Is the US cannabis industry just a house of cards? Look north to see the future of the US weed industry

What will happen to pharmacies with state legalization? – Look north, young man, look north!

Interesting piece put out by the COVA POS ordering system and LinkedIn polls over the 4/20 holidays. Highway 33 organized the data into easy-to-use infographics, and while the US market is restless and could be explained over the past year with state-by-state legalization and then the COVID pandemic, Canada is a screaming warning to the US cannabis industry about it what full federal legalization looks like after a few years.

While Canadian cannabis users have a massive illicit market as well as a massive oversupply of legally grown weed sold in dispensaries. As we talked about ad nauseum at Cannabis.net, the margin-compression game will come to America every year now, and investors, owners, managers, and everyone else had better brace themselves for lower retail prices, lower profit margins, and a larger illicit market that’s only going to get tougher to crack down, and higher taxes. When Highway 33 printed and summarized the results:

However, in 2022, total sales per store and average shopping cart size decreased slightly in both countries. This can likely be attributed to the following factors:

  1. The retail cannabis markets in Canada and some old American states are reaching saturation as consumers are spoiled for choice. The number of cannabis stores in Manitoba recently exceeded Tim Hortons, and Ontario’s cannabis market has grown exponentially from just a few stores in 2020 to over a thousand in 2022.

  2. During the pandemic, Americans and Canadians received plenty of stimulus checks from their governments and had excess money to spend on cannabis while confined indoors due to restrictions. As we return to some sense of normality, people are now likely to spend more money on other regular leisure activities.

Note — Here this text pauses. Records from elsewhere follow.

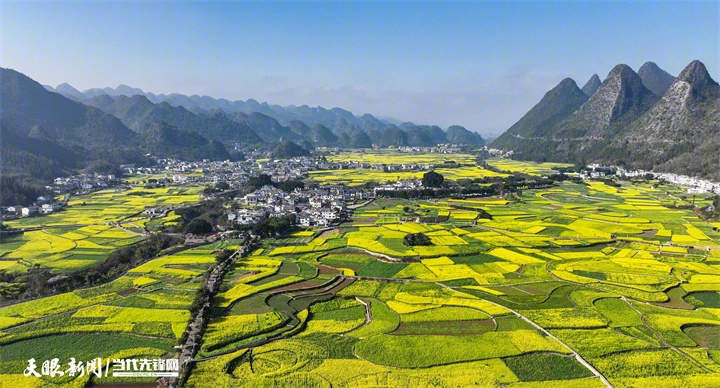 贵州最早的春信正是在这里悄然萌芽。6000余亩油菜花顺着峰谷褶皱铺展,青黛峰林如墨,金色花海似绸,布依村寨沿着蜿蜒的纳灰河点缀其间,炊烟袅袅间,尽是田园诗意。
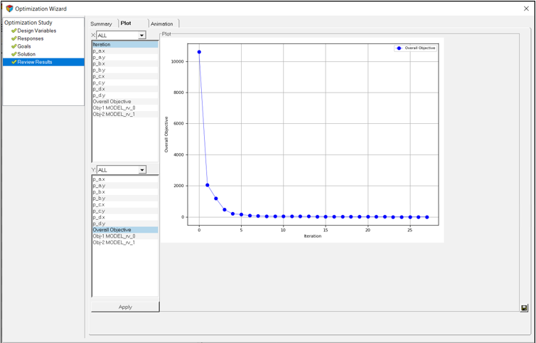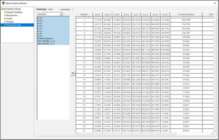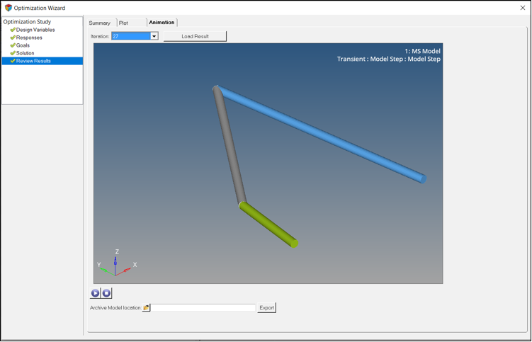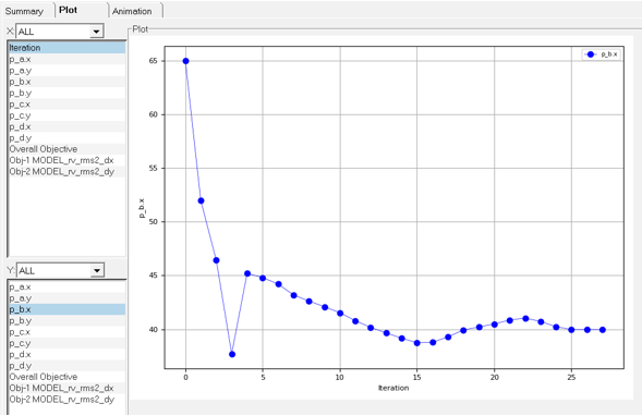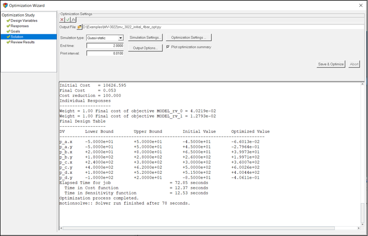 このステップでは、MotionSolveの強力な機能を使用し、失敗した反復計算からリカバーすることで最適設計を取得します。
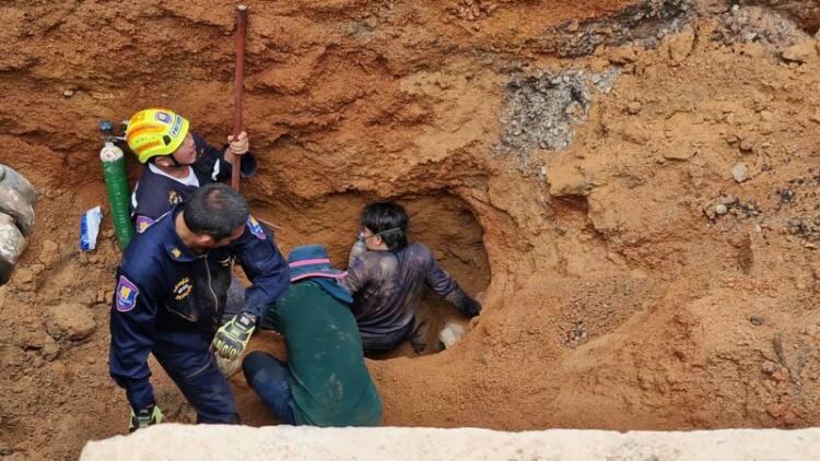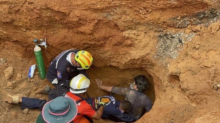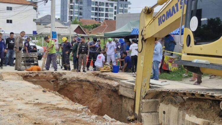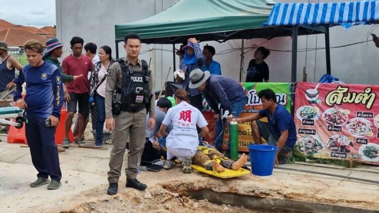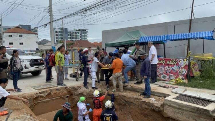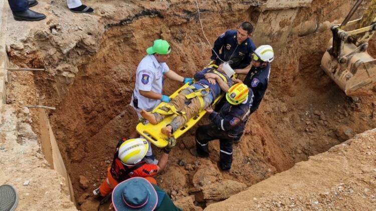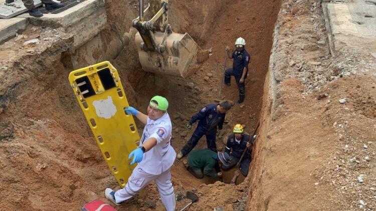 ที่เกิดเหตุขุดเป็นหลุมขนาดใหญ่ ใช้สำหรับ เป็นบ่อพัก วางท่อระบายน้ำ ลึกประมาณ 5.50 เมตร แต่ดินเกิดถล่มลงไปทับร่างนายจิน อายุ 28 ปี คนงานชาวกัมพูชา จมมิดหัวโชคดีที่คนงานด้วยกัน ช่วยกันโกยดินออก จนสามารถนำหัวโผล่ออกมาหายใจได้ ก่อนที่หน่วยกู้ภัยฯจะเดินทางมาถึง โดยใช้เวลากว่า 30 นาที จึงสามารถช่วยผู้บาดเจ็บขึ้นจากหลุมได้อย่างปลอดภัย และได้ให้การช่วยเหลือปฐมพยาบาลเบื้องต้น ก่อนเคลื่อนย้ายนำตัวส่งโรงพยาบาล อย่างเร่งด่วน
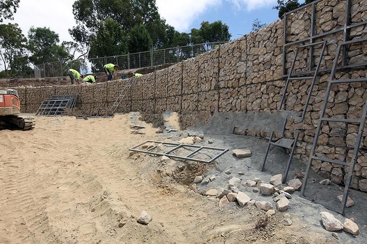 石籠網擋土墻,是石籠網籠子層疊堆砌的擋土建筑物。石籠網箱擋土墻的構件是在網箱內部填充大小比例相當的石塊,這樣就有一定的孔隙率,由于石塊之間的間隙,可以排出砌體后面的土壤和護坡下面土層的水,這樣就降低了水位,減少墻體后和坡下的地表水壓力,水及時排出降低了擋土墻被破壞的幾率,這樣擋土墻的壽命會大大的延長。同時墻體網箱是鐵絲網制作的籠子,能夠有一定的變形,況且,石塊與石塊之間,也可以滑動,所以擋土墻的變形能力也能夠緩沖突發(fā)的外力。
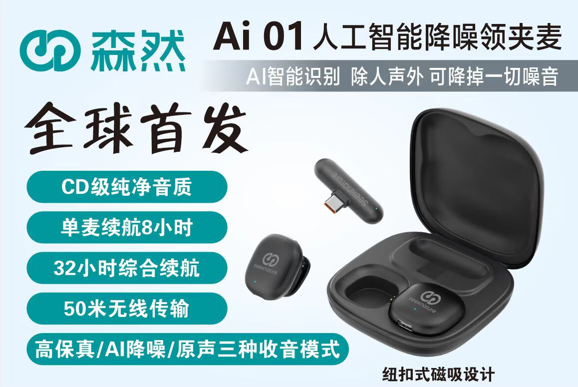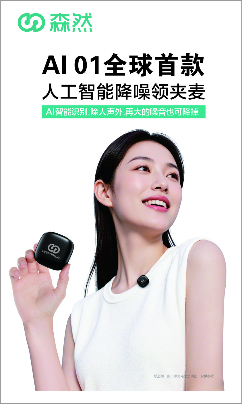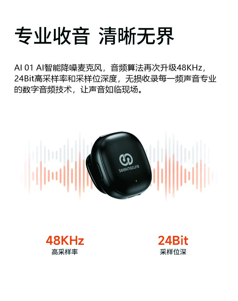 Seeknature's new AI01 wireless lavalier microphone, professional monitoring radio microphone, AI noise reduction, real-time live broadcast and internal recording, MOMA Mammoth one-to-two microphone, interview business shooting radio, new AI01 (powerful noise reduction) Android Apple version 15-17
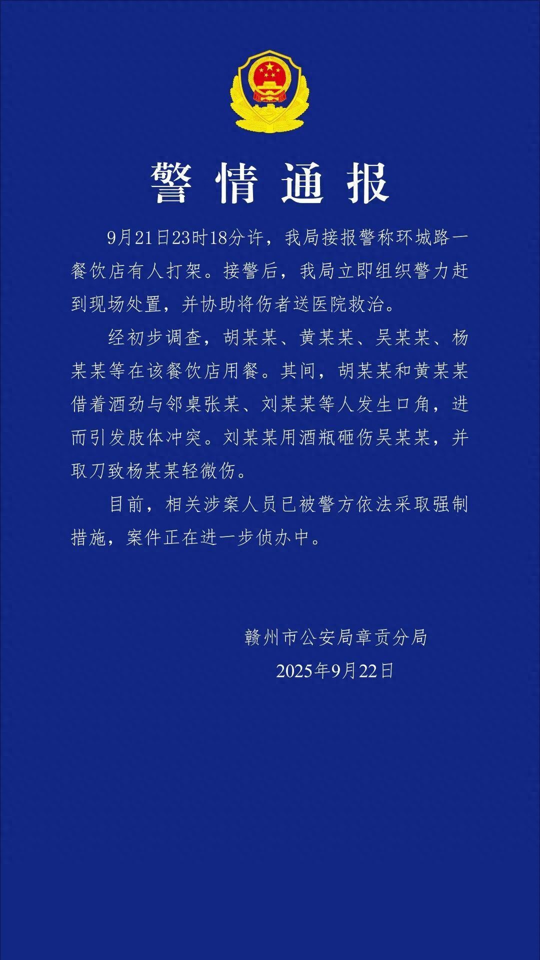 江西赣州章贡警方通报“一餐饮店有人打架”:涉案人员已被采取强制措施
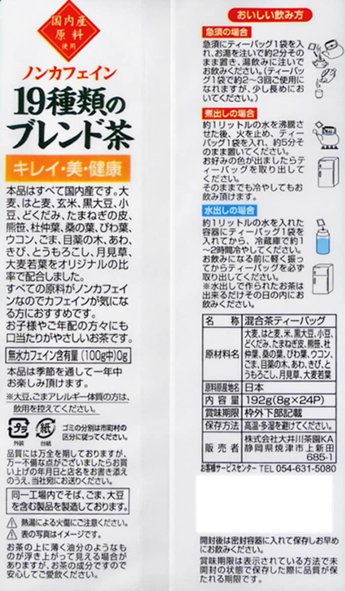 - 大井川茶園 ノンカフェイン19種類のブレンド茶 8gx24p×5個
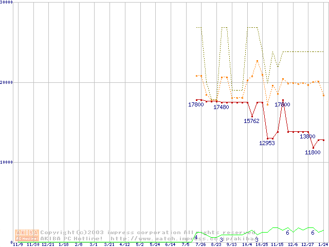 PC3700(DDR466) DDR SDRAM DIMMの最安値推移

  3. In 2022, we will see the highest inflation in decades, which is likely another factor affecting the average basket size on 04/20/2022 in both the US and Canada.

  4. People probably stocked up over the Easter weekend, which was just a few days before 420.

If you look at the first chart, the decline in margin, orders and profit of legal cannabis in Canada is breathtakingly stunning to say the least.

Cannabis mso income

Well, fast forward to a second chart Highway 33 used by MJ BIZ, the profitability of MSOs in America right now. Check out the sales figures from 2020 to 2021, they look great! Now look at the fact that only 2 MSOs are actually profitable and these two need nearly a billion in revenue to turn a profit. Let that sink in, an MSO needs to start getting into the billion-dollar revenue neighborhood now to make decent profits.

This is before full federal legalization in the US, before interstate commerce kicks in, a larger illicit market emerges, and consumers have many more options for getting cannabis compared to what they have now.

They have Canada just north of us to show you what happens when you have way too much cannabis for your population. Canada has little more population than the state of California, but it’s a great pioneering experiment for the American cannabis industry. Want worse news if you’re a brick-and-mortar cannabis business? Interstate commerce will destroy walk-in retail like Amazon did with the standard US mall. What happens when international trade starts and low labor costs, low electricity costs and areas with 330 days of sunshine a year come online and start exporting cannabis? Colombian companies claim to be able to grow premium cannabis outdoors for US$1 per gram. That will decimate the margins of U.S. cannabis growers who have to comply with labor laws, electricity prices, testing, pesticide use, and so on.

If margin compression and market saturation will also be the future of the US cannabis industry, what can a company do to protect its market share and profits? As we mentioned earlier on this site, when margins are falling on the bottom line, you need to find some margin on the top line and win a customer for $0.01, not $50. This is where cannabis sites with organic traffic that can convert those eyeballs into orders will win the day. The MSO that is grabbing so much digital ownership in the cannabis industry will be able to grow those pages into millions of views per day and convert those page views into customers. Take internet traffic from the biggest cannabis websites and send them to one of your local dispensaries or ship them orders through your rewards program and online shopping cart.

Ultimately, cannabis is a commodity, and commercialization has already begun in mature rule-of-law states. The sales data show it, the customer surveys all show it too. Customers remember the price, the effect, and how far they had to go to get the product. They don’t care about your packaging, your story, or if “your weed is so much better than anything else out there”. Price, desired effect, how long did it take to get it, that’s what every consumer survey in the cannabis industry has come up with so far. Budweiser and Bud Light account for 90% of beer sales in America, not because it’s the best-tasting beer or because it has the best packaging. It’s cheap, it’s always nearby, and it gets the job or effect you want.